The mission’s initial focus was the centrally located city of Ariel. Together with Maale Adumim and the Gush Etzion block, Ariel is one of the three settlement blocks that successive Israeli governments have viewed as sacrosanct. That is, these are areas Israel will never relinquish to be part of a proposed Palestinian state. Israel’s current government is of the understanding that the Bush administration’s commitment to Israel’s retention of these three blocks is binding upon future American governments. The Obama administration disclaims this arrangement.
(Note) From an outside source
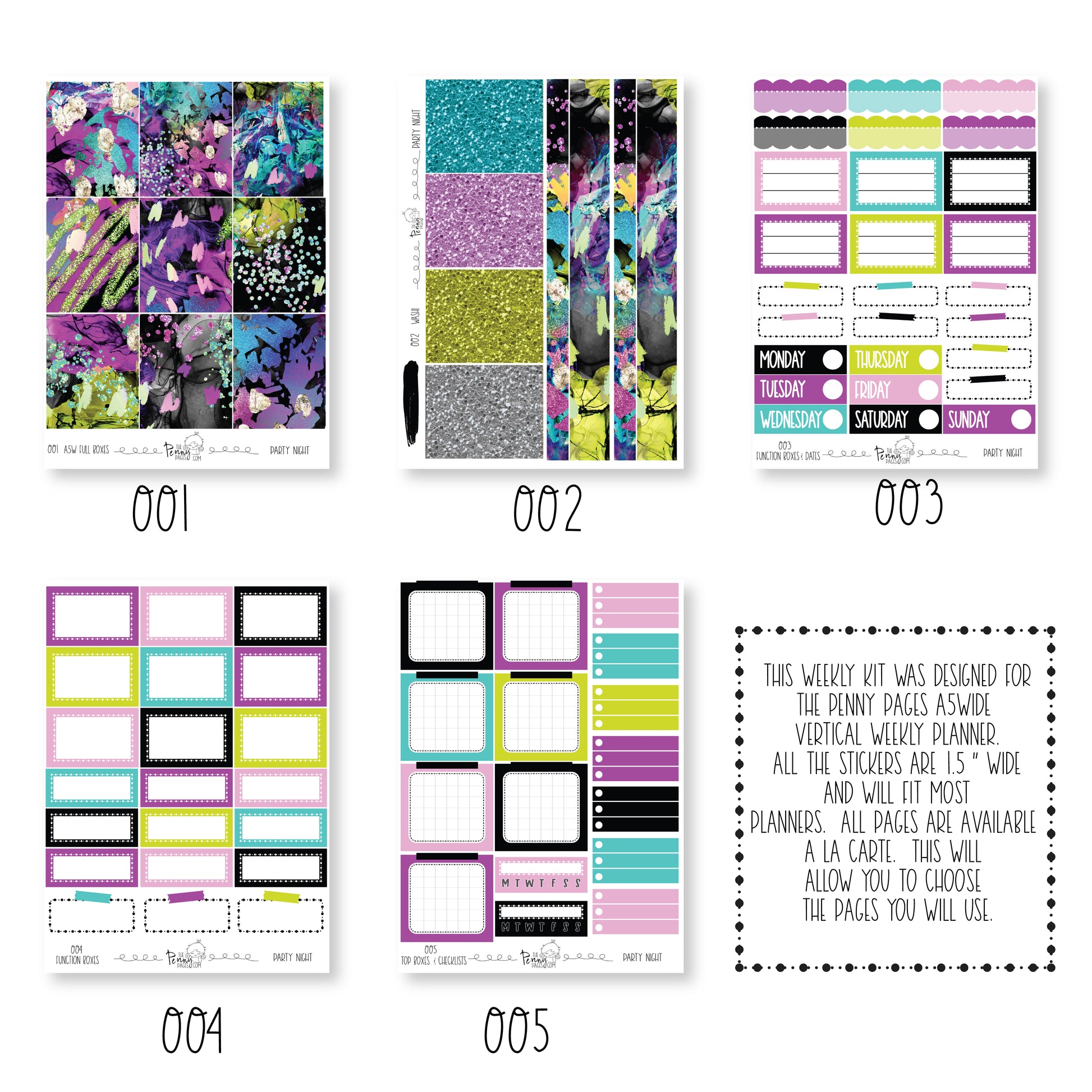 This weekly kit has been created using the Penny Pages A5 wide vertical weekly planner. The stickers all measure 1.5" wide and will fit in most " standard " planners.

Ariel is a thriving city with a mixed religious, non-religious population of 20,000. Magnificently situated on a series of scenic rolling hills located just beyond the Green Line, it is approximately 25 minutes from downtown Tel Aviv. It contains the College of Judea and Samaria, which serves 11,000 students, 85% of which reside west of the green line, as well as 500 Arab students. Ariel includes a vibrant industrial area, with 3000 Arab employees, and houses the newly transported Gush Katif community of Netzer Ariel. These former Jewish Gaza evacuees related how it was only the city of Ariel that immediately welcomed them warmly, provided land upon which to live, and further offered every manner of support.
Ariel’s founder and mayor, Ron Nachman personally greeted each member of the Delegation. Also present was the legendary Yaakov Katz, affectionately known as Katzelle, and the young, new, and dynamic Knesset member, Tzippi Hotovelli, Mayor Nachman spoke of the strategic importance of Ariel in protecting Tel Aviv. “Without Ariel” he said, “Israel would be barely 8 miles wide at that point and virtually indefensible to a ground assault from the east.” He restated his commitment that he would never leave Ariel, and was effusive in his expression of appreciation for the Delegation’s visit. So much so, he related with great sadness, that this was the only organized American group to visit Ariel in many years, despite invitations to numerous American Jewish organizations.
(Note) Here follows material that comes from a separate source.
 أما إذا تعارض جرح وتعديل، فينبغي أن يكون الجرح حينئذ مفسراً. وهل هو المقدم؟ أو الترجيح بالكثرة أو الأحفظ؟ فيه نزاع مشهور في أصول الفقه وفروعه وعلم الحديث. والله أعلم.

The drive the next day was north, high onto the mountains of Samaria. An armored bus was provided, the kind used here to transport children to and from school. The armor adds multiple thousand pounds, costs about $130,000 to complete, and slows the bus dramatically uphill. The first stop, as was that of the biblical Abraham’s upon entering the holy land was Elon Moreh. High in the hills overlooking panoramic expansive valleys, the modern community was founded in 1973 by Benny Katzover and 200 determined people. Benny later related that “they began building the settlement 8 times and it was destroyed 7 times. Now 3000 people call it home. Agriculture, particularly olive orchards, farming, and light industry are their mainstays. People were friendly and very much committed to growing their community.
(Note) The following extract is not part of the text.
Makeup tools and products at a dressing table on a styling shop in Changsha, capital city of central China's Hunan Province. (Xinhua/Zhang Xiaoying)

Given the world’s media portrayal of Settlers, much maligned as “Occupiers”, “Usurpers,” and as “Obstacles to peace,” it was important to meet these people and gain a deeper understanding as to who they are. It was essential to understand their motivations, and to see how they conduct themselves in pursuit of their ideals. To visit the hilltop settlements, to meet so-called Hilltop Youth in their own environment was much anticipated.
At each community visited, the Delegation was heartedly greeted. Both by veteran residents and young enthusiastic parents of, often large, families, most religious but many traditional in their observance. The communities were topographically elevated, some high on hilltops, as a means of enhancing security in so difficult a neighborhood. Some, particularly the older communities, such as Shilo and Tekoa were the more heavily populated each with thousands of residents. They too were intent on establishing a presence in the surrounding hills, as an added security measure against the scourge of terrorism that has caused them such devastation. The smaller communities visited, Itamar, Havat Gilead, Karnei Shomron, Ofra, Amona, Psagot, and tiny Adai Ad, with only 20 families, each offered a unique history and individual perspectives. Hearing their stories and dedication to the land of Israel was inspirational.
The Settlers maintain their connection and right to this land surpasses all others. It is rooted, they believe, in three thousand years of Jewish history and Jewish residency on this land. For the religiously guided, it is biblically mandated, and for both the religious and nationally guided, it is essential for the security of the state. They categorically reject accusations of illegal occupancy, stating their position that the area was never legally part of any modern state, and that their legal claim is as strong, indeed stronger, than all others. They are ready to live side by side and in peace with their fellow Arab residents.
Historically, subsequent to Israel’s 1967 resounding victory in the Six Day War, a movement began, known then as Gush Emonim, for Jewish settlement in the newly liberated Judea and Samaria. Affectionately referred to as Israel’s ancient heartland, religious, nationalistic, and security minded Israelis, with the encouragement of successive Israeli governments, began building settlements throughout the area. The United Nations resolution that brought about the establishment of Israel in 1948 partitioned this area for an Arab, ostensibly Palestinian, state. The Arabs however rejected the partition, declared war on Israel with the intent of destroying it, and were defeated. This prompted the state of Transjordan to invade without any legal justification, occupy and annex the area. Accordingly, they then changed the name of their country to Jordan. Again, in 1967 still intent upon destroying Israel, they declared war against Israel, and again were promptly defeated, this time in 6 days. They no longer were in control of Judea and Samaria, and not long thereafter, they disavowed any connection to it.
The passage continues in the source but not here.